By Nathaniel Council on November 03, 2020 hst Print

In all competitions – sports, academic or performing arts – access matters. Especially in a Title I school, many students are unable to afford summer camps or ‘personal coaches’ that their more affluent peers can. To offset the advantages some programs gain through parental funding, it is possible instead to incorporate earlier access to speech and debate activities.

By developing a junior high speech and debate program, younger students can be offered the opportunity to participate and gain skills and experience. Incorporating high school competitors in the process provides a valuable tool to expand the educational opportunities of older team members, and perhaps to improve team morale and cohesiveness.

The first step to developing such a program is to get permission from important stakeholders. Start with gaining permission from the campus principal(s) where your target students are in attendance. In some districts, it may also be necessary to contact the superintendent or other district personnel. Each district will vary, but do not proceed without explicit permission. You will need the support of these individuals as your program grows.

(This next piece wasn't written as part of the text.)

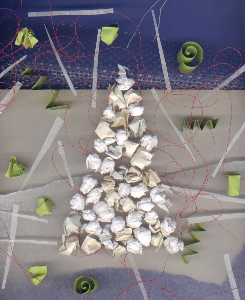 Uporabimo lahko materiale, ki različno prepuščajo svetlobo. Zanimive učinke dosežemo s prekrivanjem in nalaganjem različnih različnih vrst papirja kot bi sestavljali kolaž (uporabimo lahko paus ali peki papir, različne specialne papirje in folije, karton, izrezke iz časopisnega papirja, …).

Planning and securing funding of your new program will be crucial. Will your existing funding be sufficient? If so, is your campus principal willing to allow your current funds to pay for junior high competitors? It may be necessary to use fundraiser dollars to support your new program.

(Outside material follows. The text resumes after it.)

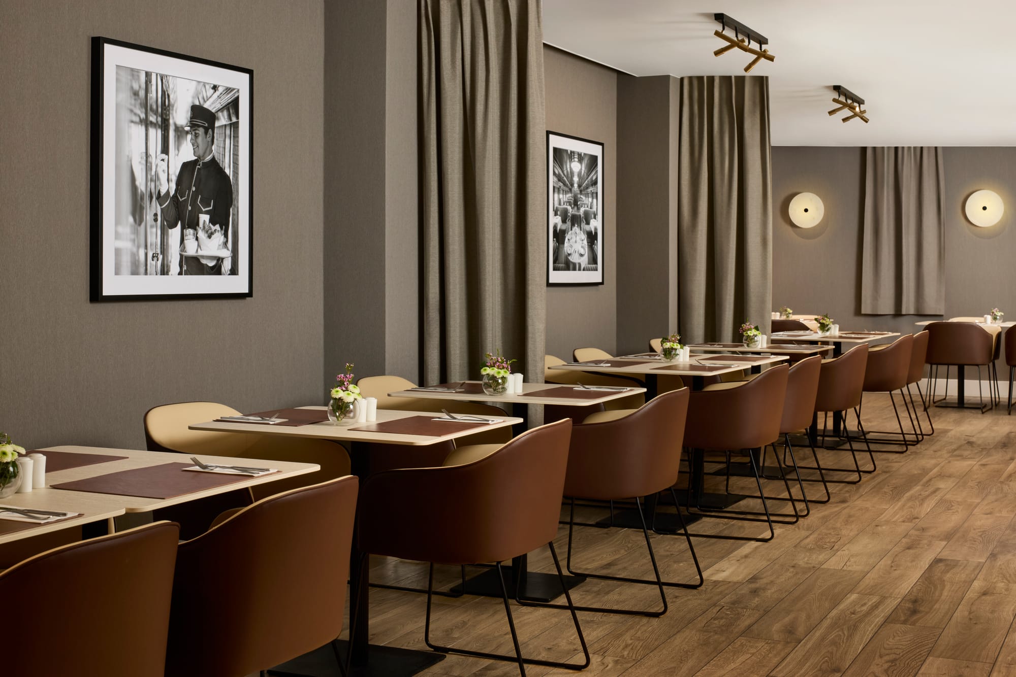 La reforma ha dotado al hotel de 207 habitaciones, incluidas categorías superiores y suites, algunas con balcón. La decoración es moderna y minimalista, pero incorpora guiños gráficos a la historia de la estación y a los grandes trayectos europeos: detalles visuales que convierten cada espacio en una pequeña referencia al imaginario del viaje en tren.

The next step is to recruit potential participants. Reach out to teachers in areas you find most beneficial to the development of your squad. Consider students who are interested in theatre, leadership and content areas that require students to exhibit above-average analytical skills. A great resource is the campus Gifted and Talented Coordinator. GT students and their parents are often looking for enrichment beyond the classroom.

On-campus recruiting can be quite successful. High school students in team leadership positions can take part of a day out of school to attend a teacher’s class at the junior high. During each available class period, have the junior high students watch a serious and a dramatic performance put on by high school team members. These performances must be pre-screened so as to be appropriate for the younger audience.

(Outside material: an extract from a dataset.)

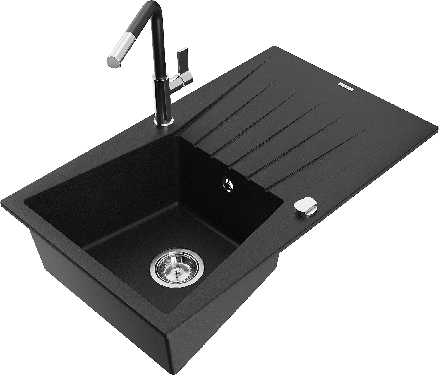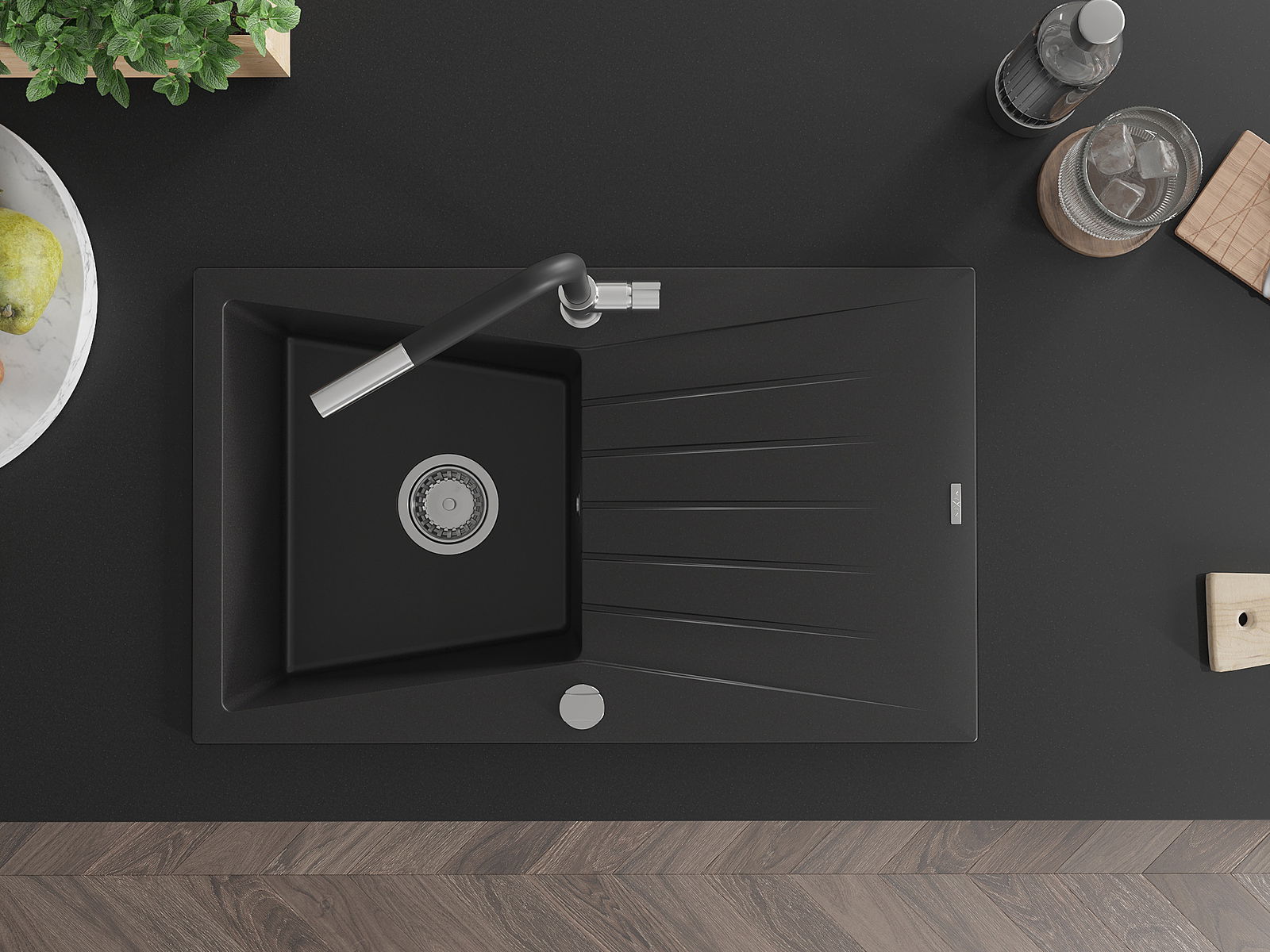 Mexen Cesar chiuvetă de bucătărie din granit cu 1 cuvă și picurător și baterie Flora, negru - 6514-77-670401-07

Another option is to have two high school debaters put on an impromptu debate, based on a topic selected by the junior high students at the beginning of the class. The format for this debate will need to be tailored to fit within the time available.

If teachers cannot allow students to perform in class, consider having teachers, counselors or principals hand out invitations to an evening meeting where students will be exposed to the same programing. Collect contact information for students who attend and express interest in joining the team, and follow up with the details of upcoming practices and expectations. Keep the tone friendly and inviting.

Practice with junior high students after school or in the evening will be needed, preferably once a week to establish a routine without inflicting burnout on the students or coaches. Recruit high school students currently on your team to help coach their junior high counterparts. This will allow you to divide the students into groups to facilitate the coaching of multiple events simultaneously. Students should be divided into groups based on their areas of interest and the available high school student coaches. If possible, assign two high school students per group. Be flexible and allow the junior high students to change groups as they explore their interests in the activity.

Each student-coach should be given guidance about how to help his or her junior high group advance toward producing a competitive performance. This arrangement allows for the high school coach to act in a supervisory role, and it establishes a positive mentor/mentee relationship between the high school and junior high students. These relationships increase retention and improve overall team morale. And it puts high school students in a position to further develop their understanding of the events they are now coaching, due to the shift in perspective and additional responsibilities they assume when they become the coach.

It is critical to consider when and where you would like your junior high students to compete. Starting with an intra-squad competition modeled on potential contests they could later attend, allows students to feel the pressure of a real contest and receive constructive criticism, while at the same time being a relatively safe space for them to work out their nerves. High school team members can serve as tournament hosts and judges. This is also a great opportunity to include high school novices prior to their first tournament.

Small, relatively close locations are great for introducing younger students to the activity. Junior high students should be encouraged to compete a few times per semester, and to experiment with different events over the course of their competition experience to broaden their exposure to various speech and debate events.

Developing a safe, nurturing culture that invites participation from junior high students can be a great experience for everyone involved. This increases access for students, and in turn can help bolster success both for the current high school squad and the new participants once they reach high school.